Personal information
- Full name: John Alexander Fergusson
- Born: 24 June 1882 Liverpool, Lancashire, England
- Died: 28 April 1947 (aged 64) Perth, Perthshire, Scotland
- Batting: Right-handed
- Bowling: Right-arm medium

Domestic team information
- 1911–1923: Scotland

Career statistics
| Competition | First-class |
| Matches | 8 |
| Runs scored | 283 |
| Batting average | 20.21 |
| 100s/50s | 1/– |
| Top score | 103* |
| Balls bowled | 521 |
| Wickets | 9 |
| Bowling average | 25.11 |
| 5 wickets in innings | 1 |
| 10 wickets in match | – |
| Best bowling | 5/36 |
| Catches/stumpings | 7/– |
- Source: Cricinfo, 16 June 2022

= John Fergusson (cricketer) =

Scottish cricketer and wine merchant

John Alexander Fergusson (24 June 1882 — 28 April 1947) was a Scottish first-class cricketer.

Fergusson was born to Scottish parents at Liverpool in June 1882. A club cricketer for Perth County Cricket Club, Fergusson made his debut for Scotland against the touring Indians at Galashiels in 1911. The following season he played twice against the touring South Africans, and once against Ireland.

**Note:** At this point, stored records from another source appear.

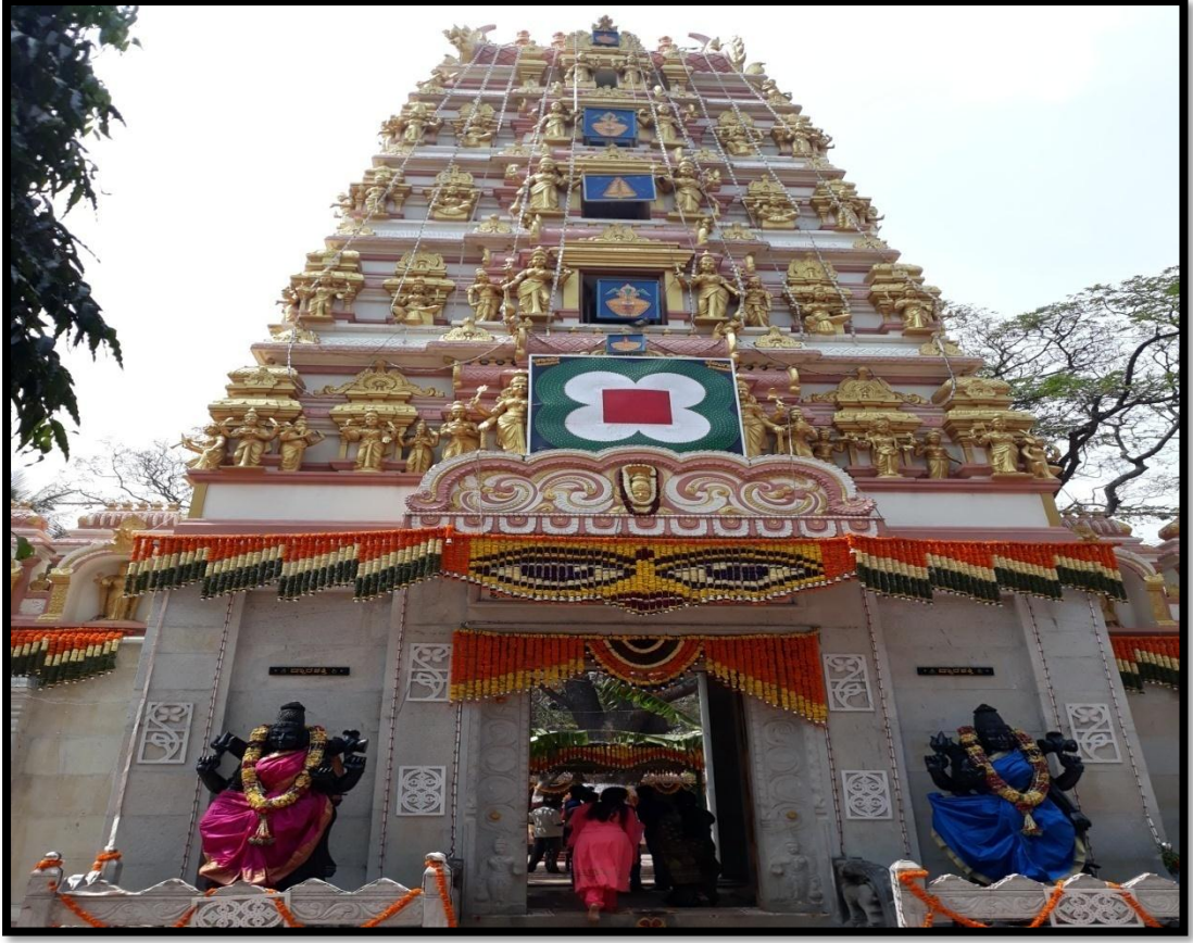
ಬಿಸಿಲು ಮಾರಮ್ಮ ದೇವಾಲಯ
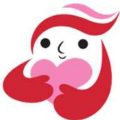
犯罪被害者等支援シンボルマーク 「ギョッとちゃん」
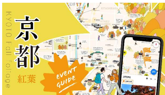
【京都イベントガイドマップ】
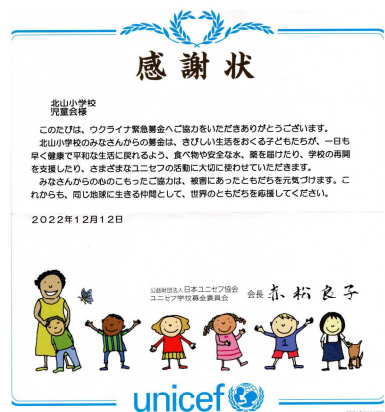
ユニセフから届いた感謝状
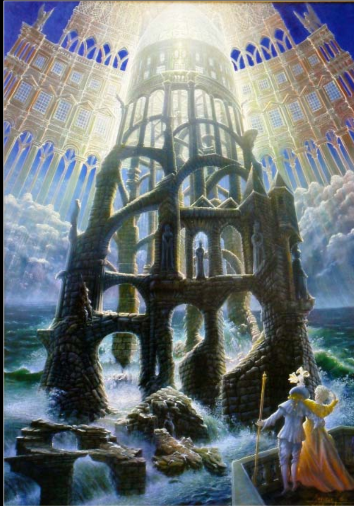
10. Dzieci Olimpu / Kinder des Olymp 2008, 88 × 68, € 12 000,00
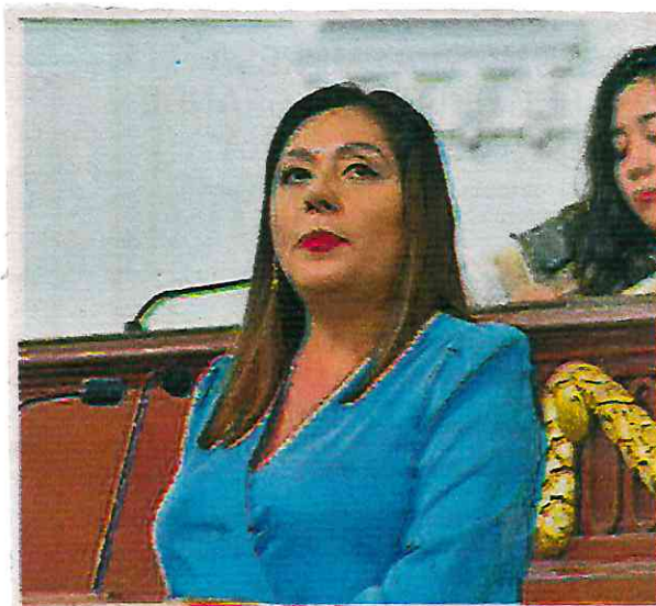
La diputada Xóchitl Bravo Espinosa, vicecoordinadora de la asociación parlamentaria Mujeres Demócratas

nosa consideró que este nuevo código impactará positivamente en la vida de la población de la capital y el país, al brindar seguridad jurídica a las entidades y contribuir a la cohesión social, estabilidad interinstitucional y desarrollo democrático de la sociedad.
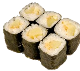
数の子巻 (KAZUNOKO) ¥660 青花鱼子卷 수의 자권 Herring Roe
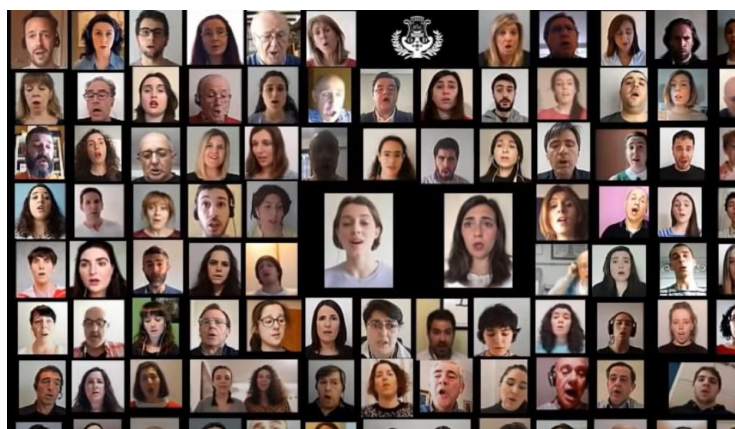
imagen del vídeo grabado por los orfeonistas durante la pandemia
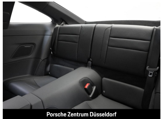
Porsche Zentrum Düsseldorf
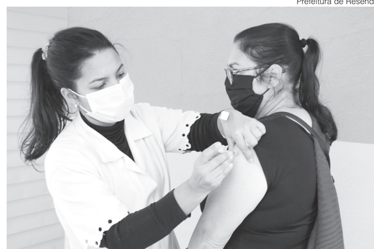
Prefeitura de Resende

Na sexta-feira, dia 30, entre 8h e meio-dia, pessoas acima de 56 anos com comorbidade ou deficiência permanente receberão a segunda dose da AstraZeneca. Estas pessoas, que são cobertas pela ESF, foram imunizadas no dia 7 de maio. No mesmo dia, das 8h ao meio-dia, ainda haverá a aplicação da segunda dose da Coronavac para a população geral a partir de 40 anos, vacinada no dia 9 de julho nas seguintes unidades: na Unidade de Saúde da Família (USF) Cabral/Alambari; USF Engenheiro Passos; USF Fazenda da Barra I; USF Itapuca; e USF Centro. Estes dois grupos deverão levar iden-
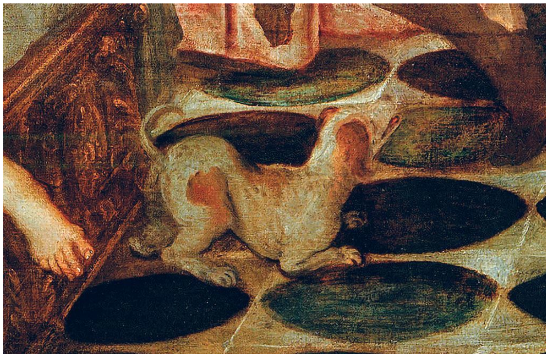
Тинторетто. Венера и Марс, застигнутые Вулканом. Около 1555 Фрагмент
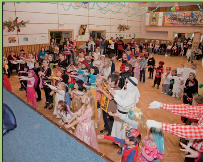
Dětský karneval, foto Ing. P. Omelka
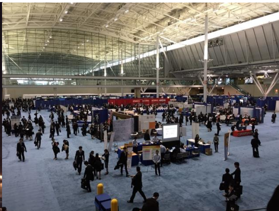
図2 ボストンキャリアフォーラム当日
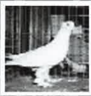
Udruga uzgajivača malih životinja Medimurska lastavica Donja Dubrava

Cijenjenim čitateljima Dobravske novine na kraju ove 2003. godine u ime članova Udruge uzgajivača malih životinja «Medimurska lastavica» upućujem srdačne pozdrave i želim vam ukratko prezentirati aktivnosti udruge u 2003. godini.
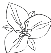
オオバナノエンレイソウ
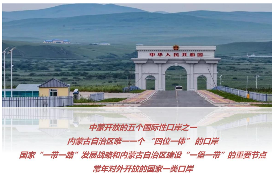
图 4 阿尔山市阿尔山口岸景区

坚持生态文化旅游口岸的定位，从 2020 年开始，阿尔山全力打造国门界河桥观光通道、口岸旅游环线和门山景区“空中生态廊桥”等在内的口岸界河自然风景区。
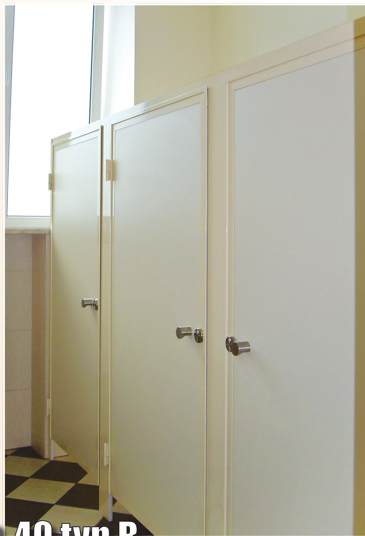
KB-40 typ B
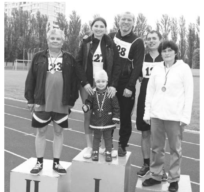
Збірна м. Ірпеня та Бучі, нагородження учасників

Бажаємо високих досягнень та перемог нашим спортсменам!
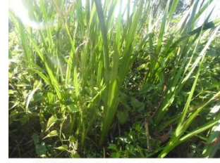
WOKLAI: Used for dry cough

woklai Noun. a kind of medicinal plant; एक प्रकार का औषधीय पौधा. Category: Medicinal plants.
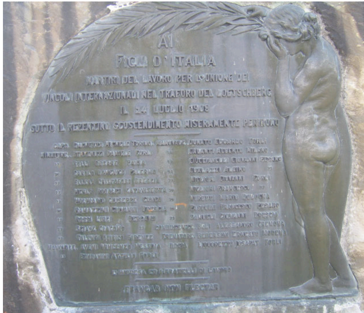
Ai figli d'Italia- Martiri del lavoro per l'unione dei vincoli internazionali nel traforo del Loetschberg il 24 luglio 1908 sotto repentino scoscendimento miseramente perirono
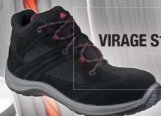
VIRAGE S1P SRC
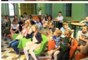
• 2016-06-12-VII edycja konkursu "Pięknego czytania"
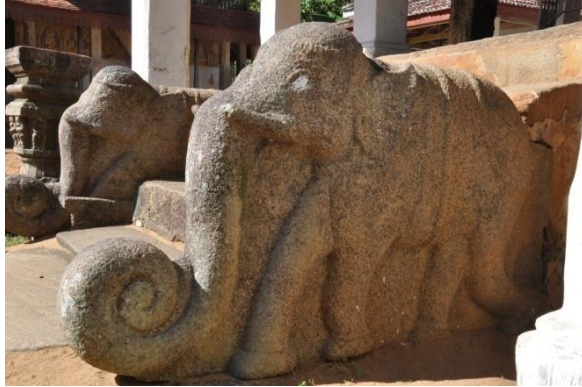
දඹදෙනිය විජයසුන්දරාරාමය විහාරය

ඇත් සමූහයක් වැදගත් වේ. දිය කෙළිනා ඇතුන් සොබෙන් වතුර ඉසින ඉරියව් සහිත ඇත් රංචුවක් මෙහි කැටයම් කොට තිබේ.
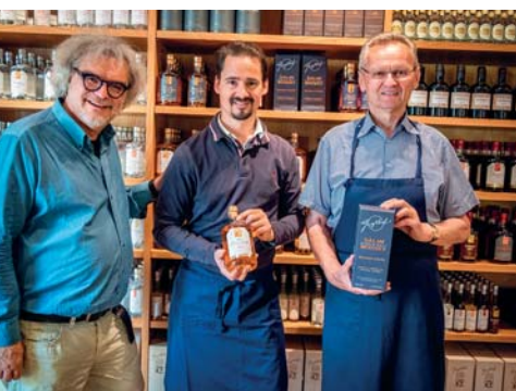
Visita alla distilleria Guglhof

verete, tradotto, tutto il materiale necessario al vostro soggiorno. Nel cuore della cittadina, altra tappa gettonatissima è la casa (oggi museo) di Franz Xaver Gruber , autore della più celebre canzone natalizia di tutti i tempi: Stille Nacht (Silent Night – Santo Natale) .
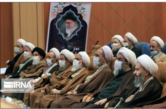
ایرنا- دوازدهمین اجلاس هیئت جامعه مدرسین حوزه علمیه قم و علمای بلاد روز پنجشنبه با شعار «رسالت حوزه‌های علمیه در تحقق و دفاع از اهداف و آرمان‌های انقلاب، با سخنرانی ویدیو کنفرانسی رئیس جمهوری در قم برگزار شد.»
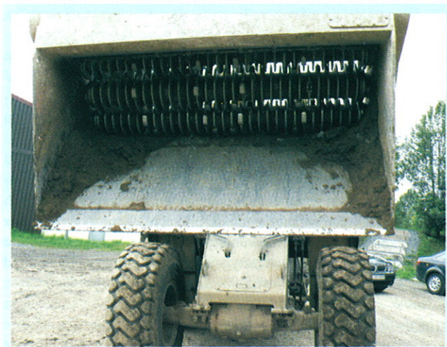
Rys. 2. Łyżka przesiewająco-krusząca z modułem dozującym

W celu ograniczenia uciążliwości dla środowiska i otoczenia, w szczególności pylenia oraz w celu uzyskania właściwych pa-
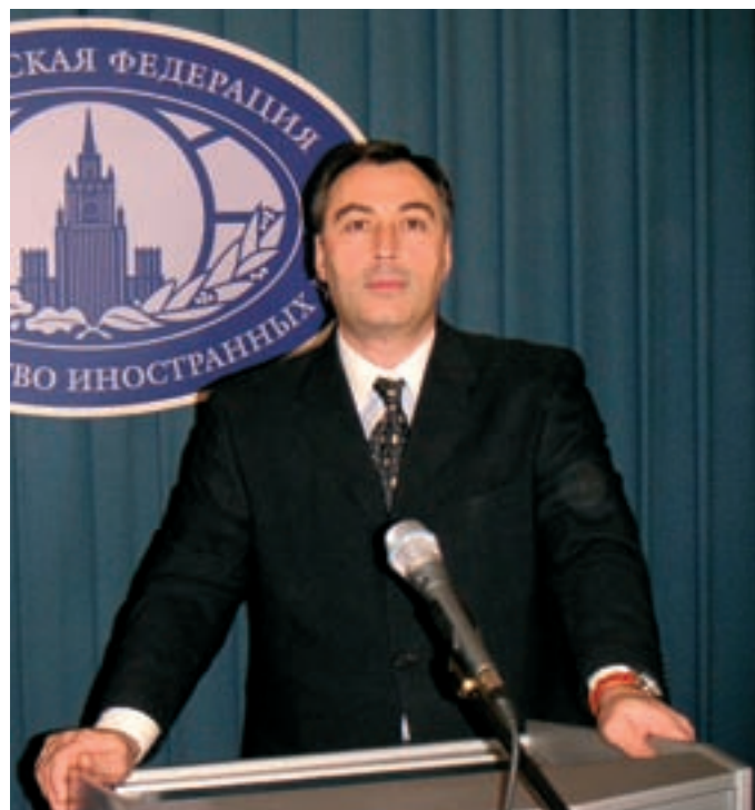
А.Л. Кондаков, директор департамента экономического сотрудничества МИД РФ

Following the First World War and ten years after he last appeared in first-class cricket. Fergusson made two first-class appearances in 1922 against the Marylebone Cricket Club (MCC) and Surrey; the following season he made a further two appearances, against Wales and Middlesex. Described by Wisden as "among the best cricketers ever known in Scotland", Fergusson excelled as a batsman, bowler and fielder. In eight first-class matches, Fergusson scored 283 runs at an average of 20.21, with a highest score of 103 not out which came in 1922 against the MCC at Lord's. With his right-arm medium pace bowling, he took 9 wickets with best figures of 5 for 36, which he took on debut against the Indians. In club cricket for Perthshire, he scored over 10,000 runs.

Outside of cricket, Fergusson was a wine and spirits merchant and the licensee of the Queen's Hotel Bar in Dundee. Fergusson died at his Perth home in April 1947, having been seriously ill for a week or two prior to his death.